Work order: Please give back, word for word, only the lines starting at the one containing "Solitario Ale, impacta" and ending at the one containing "もこもこニットとくまみみデザインのボンネット。" within the material below.

Data section:
++++

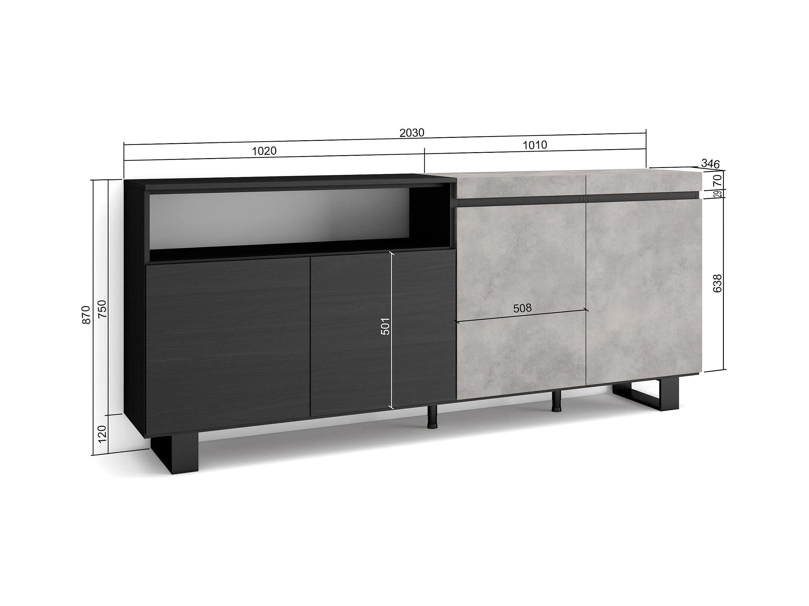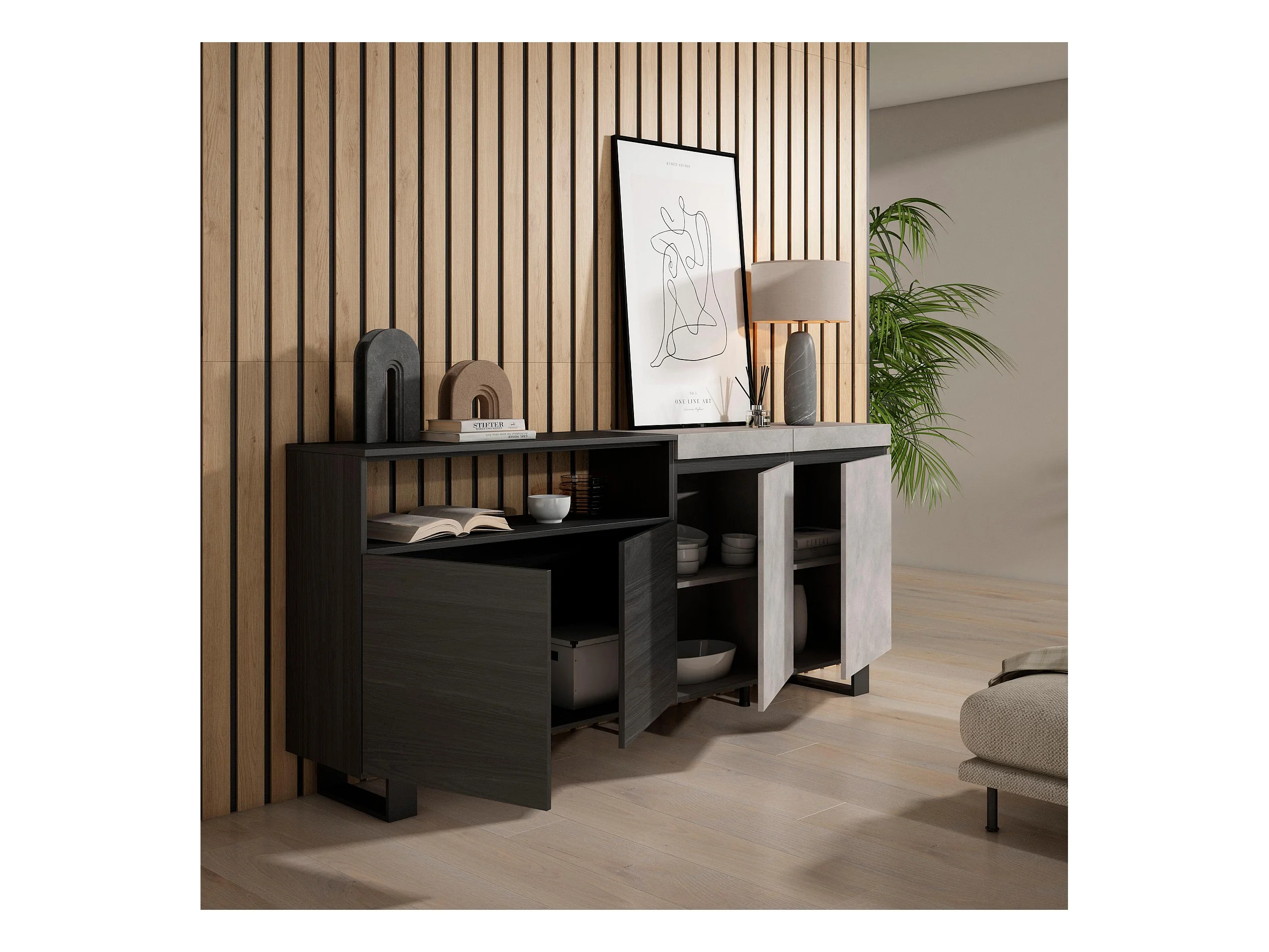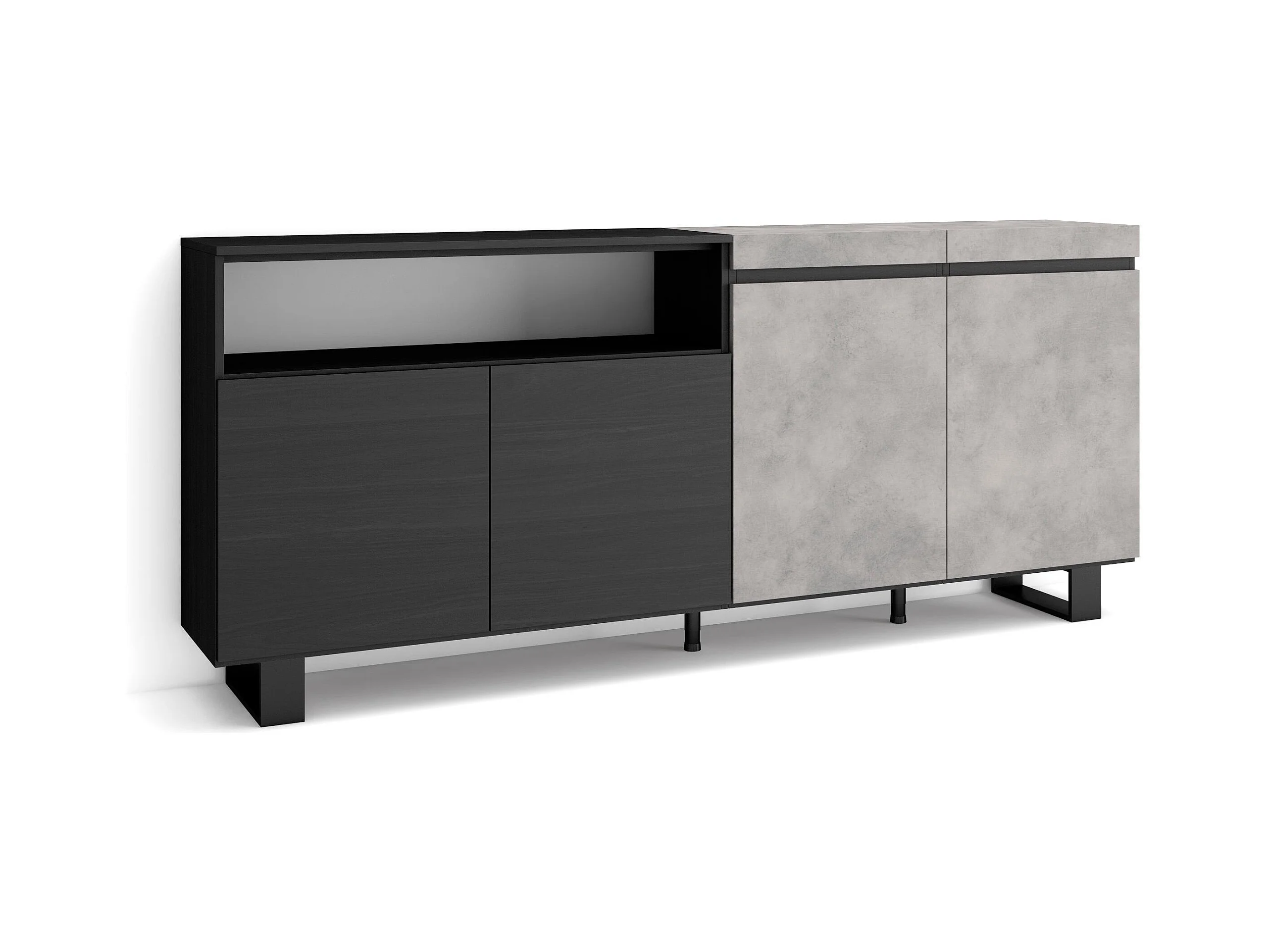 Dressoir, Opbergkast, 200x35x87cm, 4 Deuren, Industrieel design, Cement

++++

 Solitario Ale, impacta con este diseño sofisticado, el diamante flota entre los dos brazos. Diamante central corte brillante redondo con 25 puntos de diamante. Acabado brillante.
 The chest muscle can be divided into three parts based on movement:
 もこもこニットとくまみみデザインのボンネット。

++++

Solution for this task:
 Solitario Ale, impacta con este diseño sofisticado, el diamante flota entre los dos brazos. Diamante central corte brillante redondo con 25 puntos de diamante. Acabado brillante.
 The chest muscle can be divided into three parts based on movement:
 もこもこニットとくまみみデザインのボンネット。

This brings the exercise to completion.